Given information:
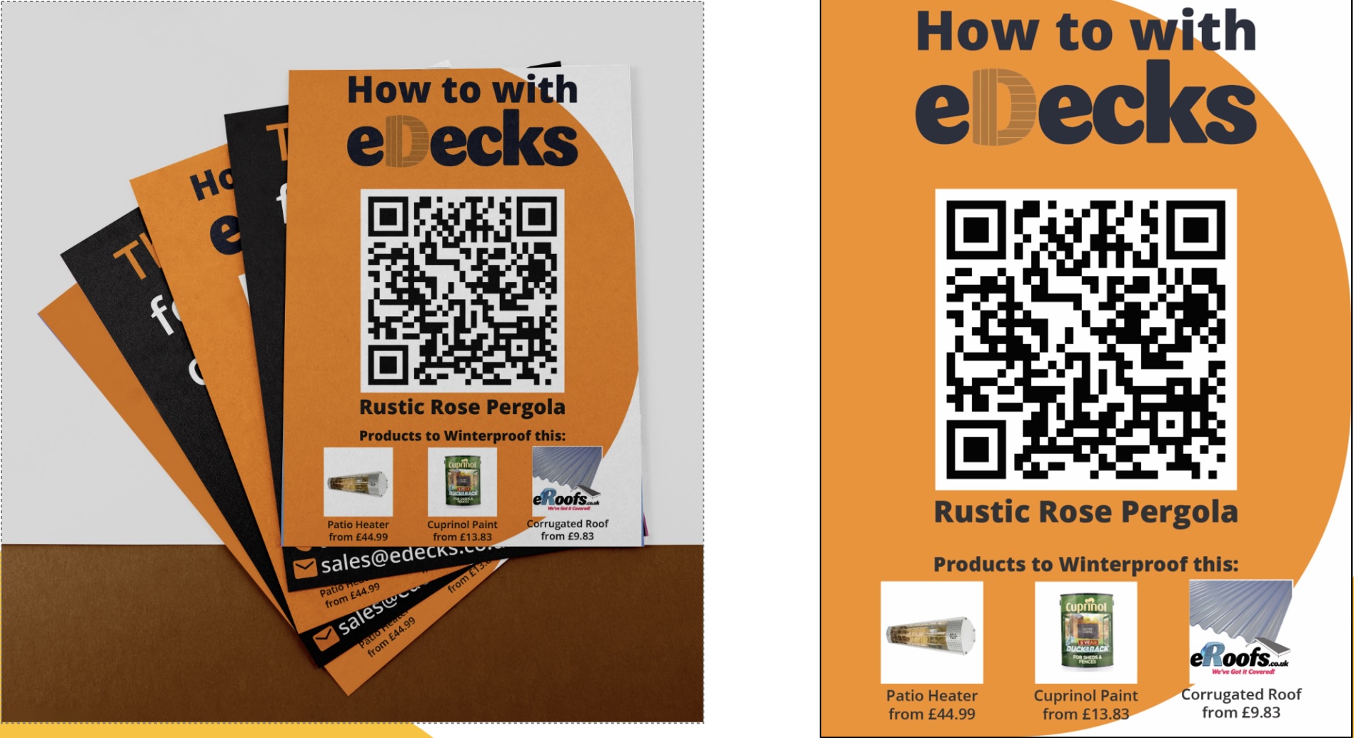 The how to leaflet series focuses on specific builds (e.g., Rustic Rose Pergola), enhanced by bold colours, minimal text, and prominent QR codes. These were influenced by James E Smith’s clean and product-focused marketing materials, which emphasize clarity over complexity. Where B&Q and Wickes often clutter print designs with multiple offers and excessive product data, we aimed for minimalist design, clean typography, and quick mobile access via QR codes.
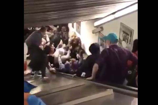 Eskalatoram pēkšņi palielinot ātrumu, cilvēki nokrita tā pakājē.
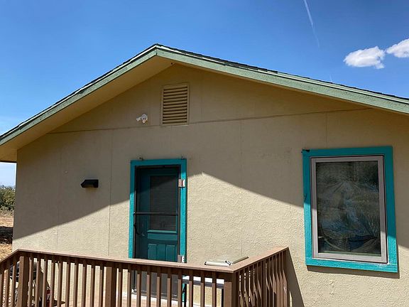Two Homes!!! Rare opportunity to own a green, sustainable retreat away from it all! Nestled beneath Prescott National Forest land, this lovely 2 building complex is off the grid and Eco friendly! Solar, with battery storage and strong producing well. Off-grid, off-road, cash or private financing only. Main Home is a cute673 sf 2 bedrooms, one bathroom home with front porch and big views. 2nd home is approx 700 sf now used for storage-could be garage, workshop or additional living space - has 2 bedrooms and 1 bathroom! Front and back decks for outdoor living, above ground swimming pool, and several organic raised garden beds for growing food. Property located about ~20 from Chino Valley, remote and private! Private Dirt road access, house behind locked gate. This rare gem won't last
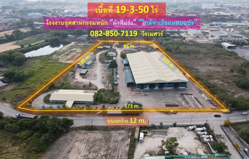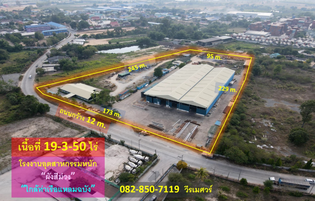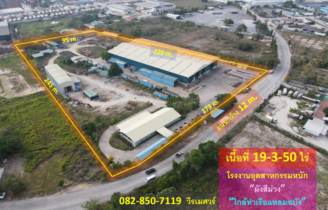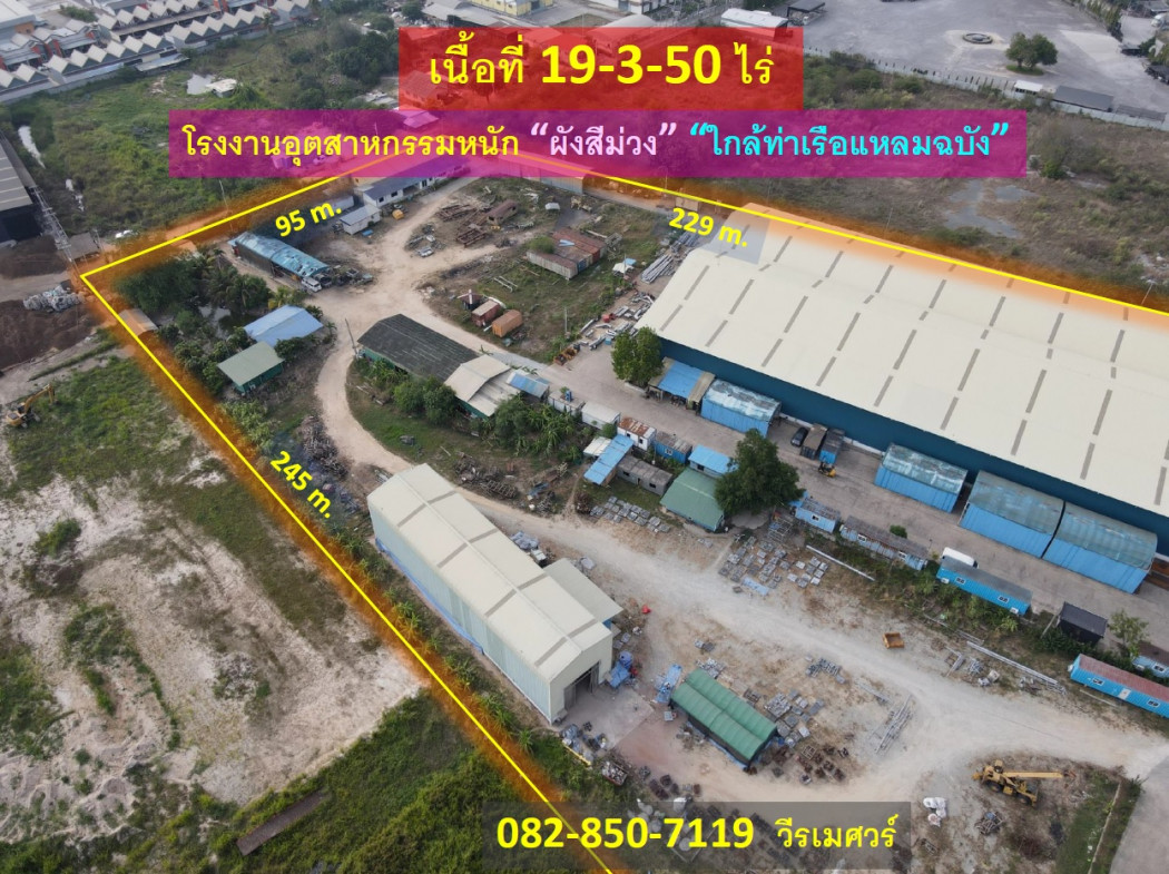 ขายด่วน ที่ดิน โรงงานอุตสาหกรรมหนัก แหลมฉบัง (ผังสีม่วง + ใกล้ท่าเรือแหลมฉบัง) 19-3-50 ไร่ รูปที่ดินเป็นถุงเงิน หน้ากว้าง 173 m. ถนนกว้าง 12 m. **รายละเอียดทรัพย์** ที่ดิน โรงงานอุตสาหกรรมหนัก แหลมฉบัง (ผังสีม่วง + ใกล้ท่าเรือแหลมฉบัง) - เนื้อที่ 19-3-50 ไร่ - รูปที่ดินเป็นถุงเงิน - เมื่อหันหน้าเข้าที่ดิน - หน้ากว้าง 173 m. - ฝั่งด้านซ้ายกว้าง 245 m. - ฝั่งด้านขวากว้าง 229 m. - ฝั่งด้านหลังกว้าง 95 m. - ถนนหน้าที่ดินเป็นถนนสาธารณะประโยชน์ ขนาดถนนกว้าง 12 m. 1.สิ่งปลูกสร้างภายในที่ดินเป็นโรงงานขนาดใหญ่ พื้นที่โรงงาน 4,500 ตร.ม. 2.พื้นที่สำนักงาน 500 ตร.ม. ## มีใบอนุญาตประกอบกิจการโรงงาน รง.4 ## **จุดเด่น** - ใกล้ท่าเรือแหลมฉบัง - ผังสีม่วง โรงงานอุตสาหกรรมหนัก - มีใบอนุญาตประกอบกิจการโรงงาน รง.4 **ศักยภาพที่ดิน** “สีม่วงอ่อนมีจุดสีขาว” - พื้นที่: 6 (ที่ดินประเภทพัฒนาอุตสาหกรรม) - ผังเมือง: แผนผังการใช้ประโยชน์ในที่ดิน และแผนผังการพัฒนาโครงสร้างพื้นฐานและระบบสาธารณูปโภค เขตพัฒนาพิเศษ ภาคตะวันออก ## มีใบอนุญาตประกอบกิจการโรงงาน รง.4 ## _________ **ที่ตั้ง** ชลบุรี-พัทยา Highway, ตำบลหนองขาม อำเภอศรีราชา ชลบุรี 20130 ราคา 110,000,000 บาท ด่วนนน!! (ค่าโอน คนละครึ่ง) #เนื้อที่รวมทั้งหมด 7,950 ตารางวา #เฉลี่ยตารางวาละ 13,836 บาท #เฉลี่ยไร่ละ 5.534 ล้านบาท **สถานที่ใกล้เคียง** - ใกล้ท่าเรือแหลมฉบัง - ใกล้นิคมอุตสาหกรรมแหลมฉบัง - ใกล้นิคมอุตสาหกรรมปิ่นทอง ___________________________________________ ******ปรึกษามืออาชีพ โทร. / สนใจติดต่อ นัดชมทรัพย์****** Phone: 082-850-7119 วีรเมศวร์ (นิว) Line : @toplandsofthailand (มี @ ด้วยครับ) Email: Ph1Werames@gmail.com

Problem to solve:
Every line of the data above is to be repeated exactly; the images are to be left out.

Reply to the task:
 The how to leaflet series focuses on specific builds (e.g., Rustic Rose Pergola), enhanced by bold colours, minimal text, and prominent QR codes. These were influenced by James E Smith’s clean and product-focused marketing materials, which emphasize clarity over complexity. Where B&Q and Wickes often clutter print designs with multiple offers and excessive product data, we aimed for minimalist design, clean typography, and quick mobile access via QR codes.
 Eskalatoram pēkšņi palielinot ātrumu, cilvēki nokrita tā pakājē.
Two Homes!!! Rare opportunity to own a green, sustainable retreat away from it all! Nestled beneath Prescott National Forest land, this lovely 2 building complex is off the grid and Eco friendly! Solar, with battery storage and strong producing well. Off-grid, off-road, cash or private financing only. Main Home is a cute673 sf 2 bedrooms, one bathroom home with front porch and big views. 2nd home is approx 700 sf now used for storage-could be garage, workshop or additional living space - has 2 bedrooms and 1 bathroom! Front and back decks for outdoor living, above ground swimming pool, and several organic raised garden beds for growing food. Property located about ~20 from Chino Valley, remote and private! Private Dirt road access, house behind locked gate. This rare gem won't last
 ขายด่วน ที่ดิน โรงงานอุตสาหกรรมหนัก แหลมฉบัง (ผังสีม่วง + ใกล้ท่าเรือแหลมฉบัง) 19-3-50 ไร่ รูปที่ดินเป็นถุงเงิน หน้ากว้าง 173 m. ถนนกว้าง 12 m. **รายละเอียดทรัพย์** ที่ดิน โรงงานอุตสาหกรรมหนัก แหลมฉบัง (ผังสีม่วง + ใกล้ท่าเรือแหลมฉบัง) - เนื้อที่ 19-3-50 ไร่ - รูปที่ดินเป็นถุงเงิน - เมื่อหันหน้าเข้าที่ดิน - หน้ากว้าง 173 m. - ฝั่งด้านซ้ายกว้าง 245 m. - ฝั่งด้านขวากว้าง 229 m. - ฝั่งด้านหลังกว้าง 95 m. - ถนนหน้าที่ดินเป็นถนนสาธารณะประโยชน์ ขนาดถนนกว้าง 12 m. 1.สิ่งปลูกสร้างภายในที่ดินเป็นโรงงานขนาดใหญ่ พื้นที่โรงงาน 4,500 ตร.ม. 2.พื้นที่สำนักงาน 500 ตร.ม. ## มีใบอนุญาตประกอบกิจการโรงงาน รง.4 ## **จุดเด่น** - ใกล้ท่าเรือแหลมฉบัง - ผังสีม่วง โรงงานอุตสาหกรรมหนัก - มีใบอนุญาตประกอบกิจการโรงงาน รง.4 **ศักยภาพที่ดิน** “สีม่วงอ่อนมีจุดสีขาว” - พื้นที่: 6 (ที่ดินประเภทพัฒนาอุตสาหกรรม) - ผังเมือง: แผนผังการใช้ประโยชน์ในที่ดิน และแผนผังการพัฒนาโครงสร้างพื้นฐานและระบบสาธารณูปโภค เขตพัฒนาพิเศษ ภาคตะวันออก ## มีใบอนุญาตประกอบกิจการโรงงาน รง.4 ## _________ **ที่ตั้ง** ชลบุรี-พัทยา Highway, ตำบลหนองขาม อำเภอศรีราชา ชลบุรี 20130 ราคา 110,000,000 บาท ด่วนนน!! (ค่าโอน คนละครึ่ง) #เนื้อที่รวมทั้งหมด 7,950 ตารางวา #เฉลี่ยตารางวาละ 13,836 บาท #เฉลี่ยไร่ละ 5.534 ล้านบาท **สถานที่ใกล้เคียง** - ใกล้ท่าเรือแหลมฉบัง - ใกล้นิคมอุตสาหกรรมแหลมฉบัง - ใกล้นิคมอุตสาหกรรมปิ่นทอง ___________________________________________ ******ปรึกษามืออาชีพ โทร. / สนใจติดต่อ นัดชมทรัพย์****** Phone: 082-850-7119 วีรเมศวร์ (นิว) Line : @toplandsofthailand (มี @ ด้วยครับ) Email: Ph1Werames@gmail.com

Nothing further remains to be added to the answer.